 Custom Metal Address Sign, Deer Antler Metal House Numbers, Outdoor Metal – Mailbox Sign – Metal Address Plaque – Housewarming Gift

==

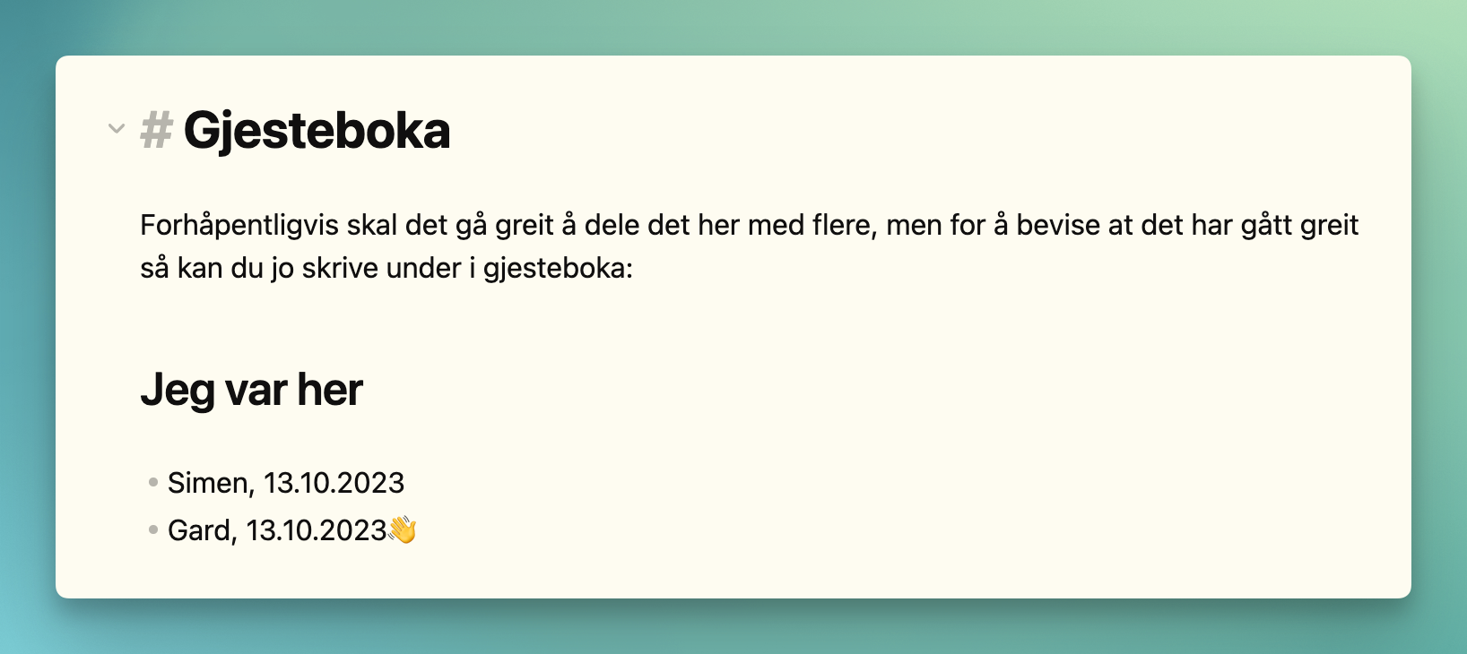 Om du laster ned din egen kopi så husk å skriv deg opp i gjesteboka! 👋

* * *

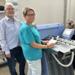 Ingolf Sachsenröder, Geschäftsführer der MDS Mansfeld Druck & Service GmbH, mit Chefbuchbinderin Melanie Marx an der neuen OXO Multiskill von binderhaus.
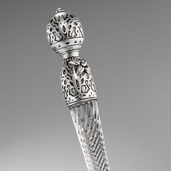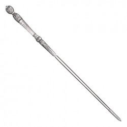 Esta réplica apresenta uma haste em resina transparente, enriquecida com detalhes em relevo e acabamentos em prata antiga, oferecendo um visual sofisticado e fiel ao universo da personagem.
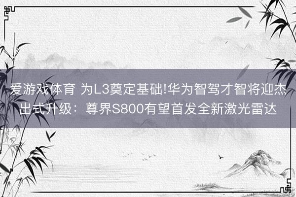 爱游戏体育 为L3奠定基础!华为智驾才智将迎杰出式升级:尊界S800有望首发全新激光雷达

▸ **Assigned task**
Above are the records. Copy word for word only their lines from the one holding "Ingolf Sachsenröder, Geschäftsführer" through the one holding "爱游戏体育 为L3奠定基础!", both included, and skip the images.

▸ **Answer section**
 Ingolf Sachsenröder, Geschäftsführer der MDS Mansfeld Druck & Service GmbH, mit Chefbuchbinderin Melanie Marx an der neuen OXO Multiskill von binderhaus.
 Esta réplica apresenta uma haste em resina transparente, enriquecida com detalhes em relevo e acabamentos em prata antiga, oferecendo um visual sofisticado e fiel ao universo da personagem.
 爱游戏体育 为L3奠定基础!华为智驾才智将迎杰出式升级:尊界S800有望首发全新激光雷达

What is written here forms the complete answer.